### THE PROBLEM
Write out again, word for word, the lines below from the line that holds "Venedik Koltuk Takımı, çağdaş" through the line that holds "Commission de maître", omitting pictures.

### DATA FOR PROCESSING
= = =

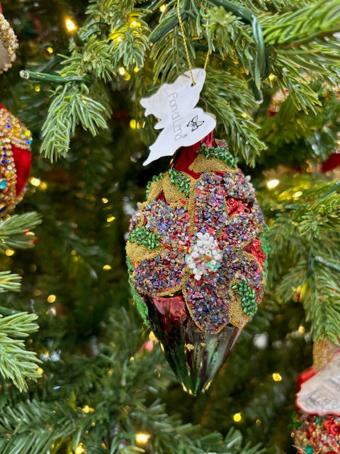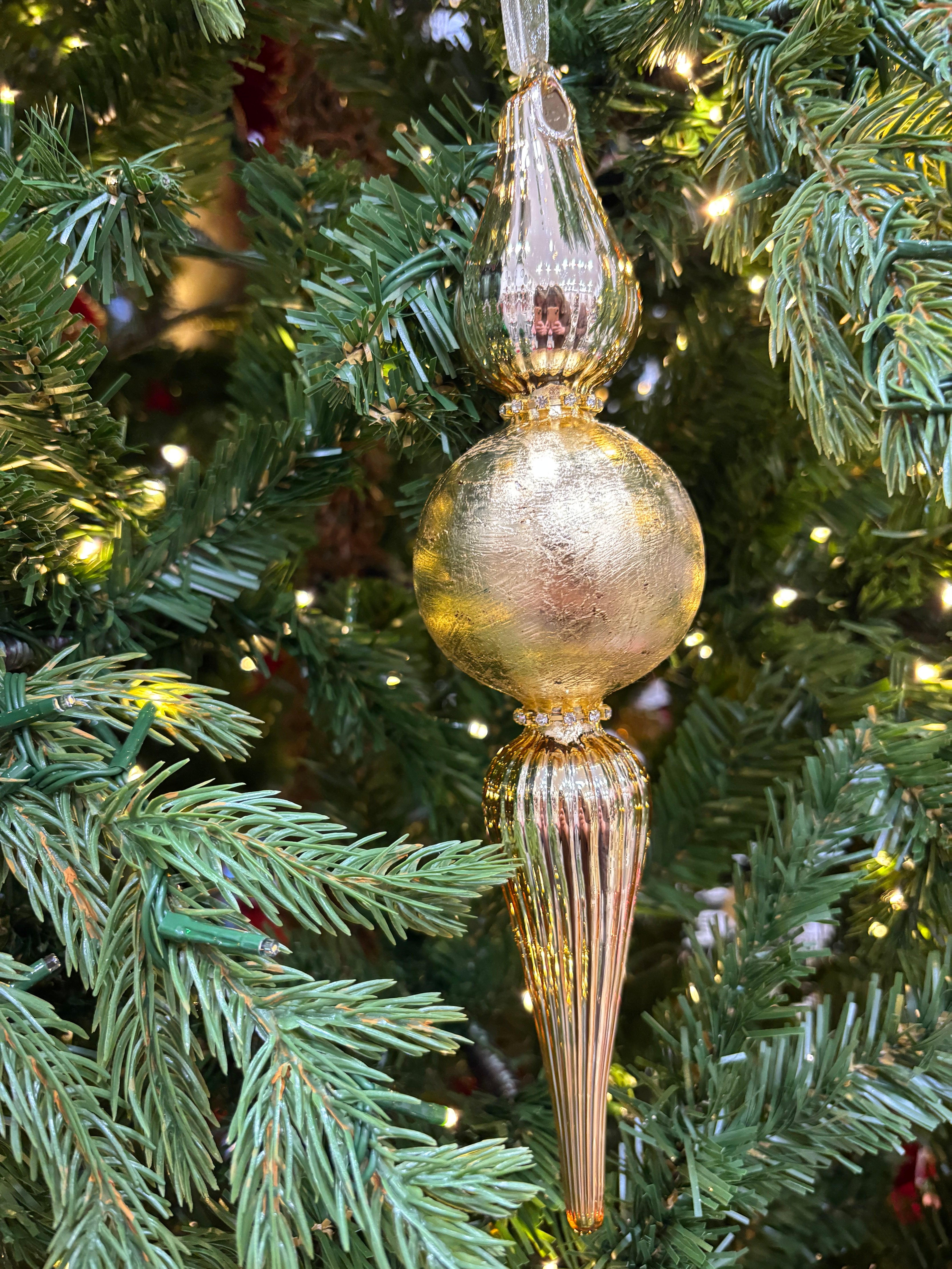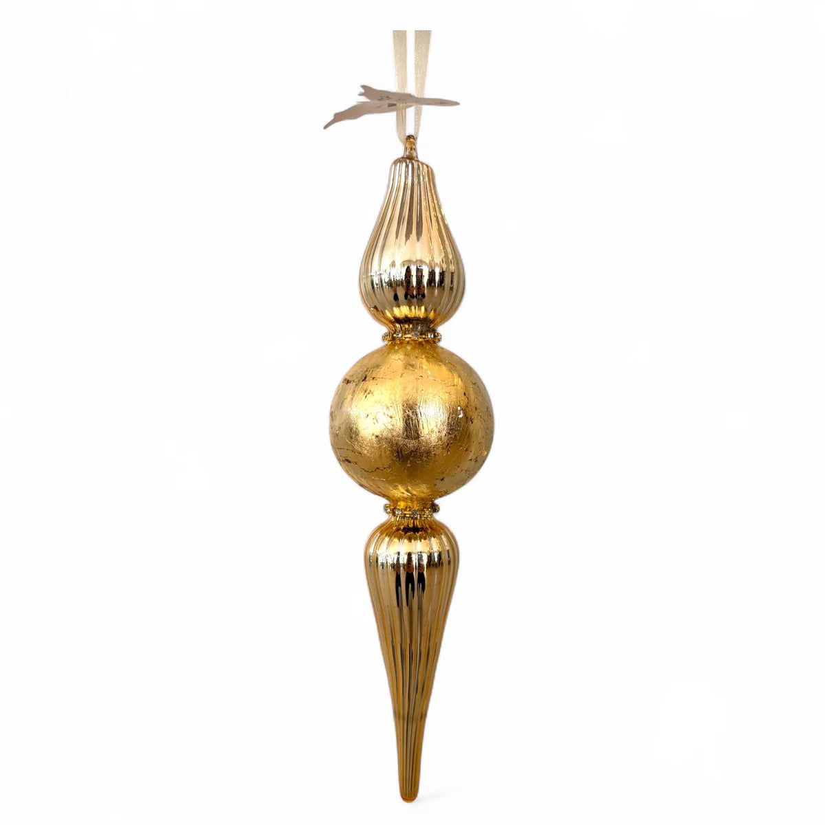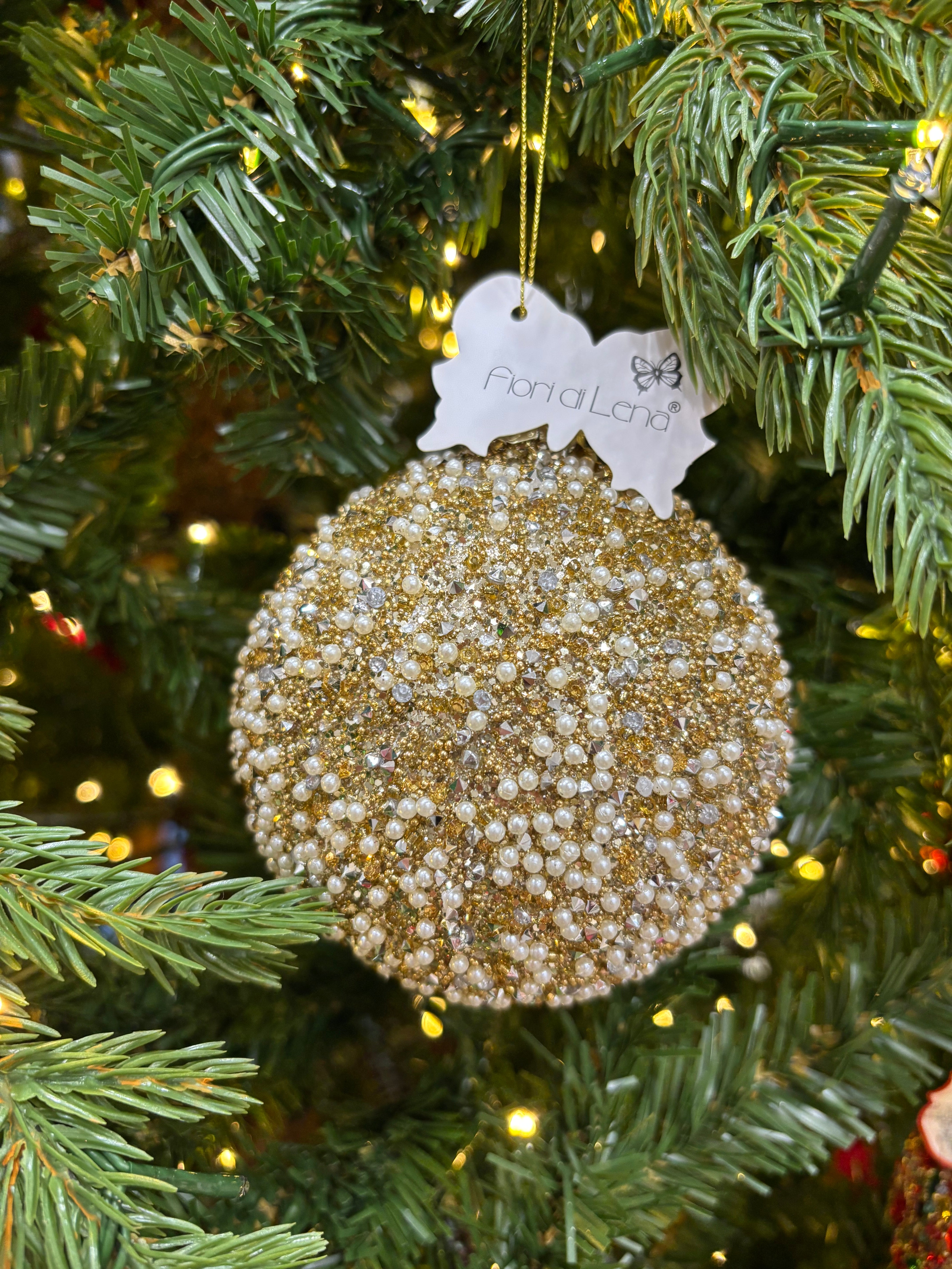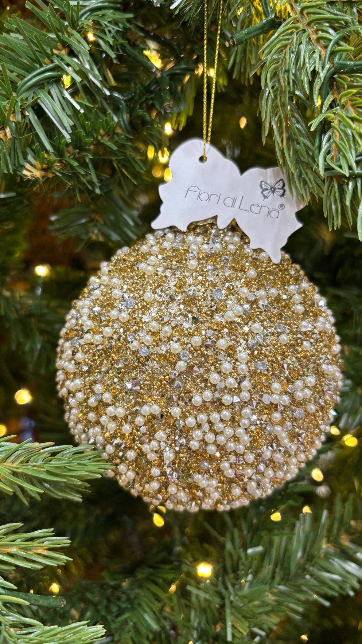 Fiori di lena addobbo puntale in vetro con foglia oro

= = =

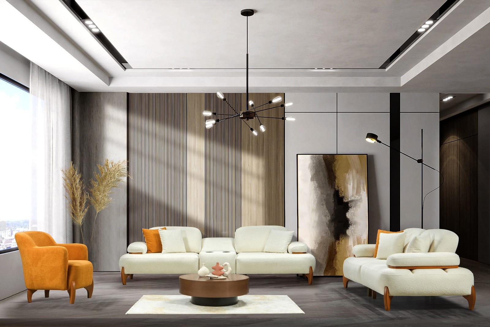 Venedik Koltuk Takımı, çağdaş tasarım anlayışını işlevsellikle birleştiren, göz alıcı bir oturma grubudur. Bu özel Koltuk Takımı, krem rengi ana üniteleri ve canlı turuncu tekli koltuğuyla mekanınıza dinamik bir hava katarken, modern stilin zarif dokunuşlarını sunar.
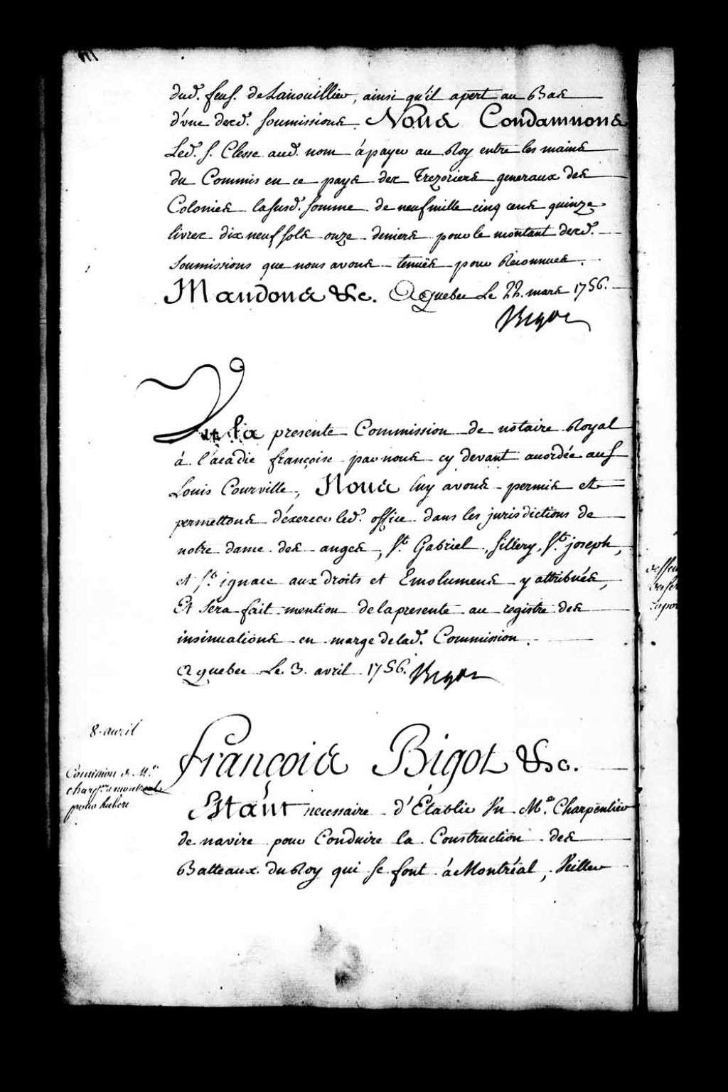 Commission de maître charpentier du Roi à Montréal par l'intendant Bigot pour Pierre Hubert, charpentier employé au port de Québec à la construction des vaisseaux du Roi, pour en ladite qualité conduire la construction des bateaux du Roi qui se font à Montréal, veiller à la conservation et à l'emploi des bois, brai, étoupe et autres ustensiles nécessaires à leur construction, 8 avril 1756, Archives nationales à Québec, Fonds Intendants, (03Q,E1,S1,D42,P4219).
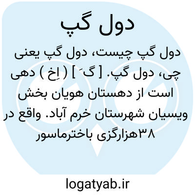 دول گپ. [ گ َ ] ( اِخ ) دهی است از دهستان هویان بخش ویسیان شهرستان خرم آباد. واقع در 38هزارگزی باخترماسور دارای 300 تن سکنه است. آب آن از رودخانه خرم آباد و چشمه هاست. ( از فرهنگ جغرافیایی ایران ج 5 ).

= = =

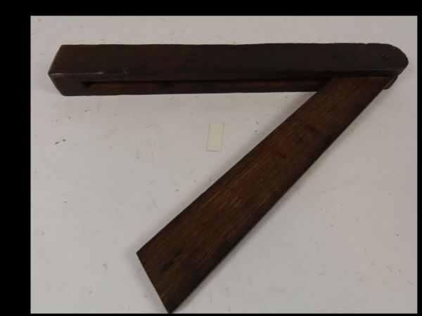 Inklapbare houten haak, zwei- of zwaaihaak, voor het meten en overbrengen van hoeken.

= = =

### SOLUTION
 Venedik Koltuk Takımı, çağdaş tasarım anlayışını işlevsellikle birleştiren, göz alıcı bir oturma grubudur. Bu özel Koltuk Takımı, krem rengi ana üniteleri ve canlı turuncu tekli koltuğuyla mekanınıza dinamik bir hava katarken, modern stilin zarif dokunuşlarını sunar.
 Commission de maître charpentier du Roi à Montréal par l'intendant Bigot pour Pierre Hubert, charpentier employé au port de Québec à la construction des vaisseaux du Roi, pour en ladite qualité conduire la construction des bateaux du Roi qui se font à Montréal, veiller à la conservation et à l'emploi des bois, brai, étoupe et autres ustensiles nécessaires à leur construction, 8 avril 1756, Archives nationales à Québec, Fonds Intendants, (03Q,E1,S1,D42,P4219).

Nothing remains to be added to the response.